With help from @ffevotte and @Benny, I think I finally understand how to describe A ./ norm.(eachrow(A))
conceptually. Consider the matrix A = [3 4; 6 8; 9 12]
. At first I imagined conceptually that norm
should be broadcasted over eachrow(A)
to produce [5.0, 10.0, 15.0]
and then conceptually that vector is expanded to the matrix
[ 5.0 5.0
10.0 10.0
15.0 15.0]
And then we have element-wise division between A
and the above matrix of norms. With this conceptual model, norm
is only called 3 times.
(*When I say “conceptually”, I mean conceptually. Obviously there are performance optimizations involved, so this is not precisely what happens under the hood.)

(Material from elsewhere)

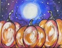 This beginner-friendly class will guide you step-by-step as we bring a pumpkin patch to life under a moonlit sky. Whether you’re brand new to painting or already love to dabble, you’ll leave with a canvas full of charm.
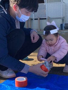 パパと一緒にテープをペタペタ、ボールが出来てきたね😊

However, as @pdeffebach showed above, for this simple example (even without the in-place assignment to A
), the norm
function gets called 6 times. So the correct conceptual model is that eachrow(A)
gets expanded before norm
is applied. In detail, we have
1
eachrow(A)
is expanded to
# `TEMP` is merely a conceptual variable
TEMP = [
[3, 4] [3, 4]
[6, 8] [6, 8]
[9, 12] [9, 12]
]
2
The following function is applied element wise to the matrices A
and TEMP
:
function f(a, temp)
a / norm(temp)
end
so the result is
[0.6 0.8
0.6 0.8
0.6 0.8]
and norm
gets called 6 times, because f
was applied element-wise, i.e. to the six corresponding elements of A
and TEMP
.
Is there a missing performance optimization here? It seems like we ought to be able to tell that we can apply norm
to eachrow(A)
and then expand the resulting vector into the second dimension, rather than expanding eachrow(A)
first and then applying norm
to the expanded matrix.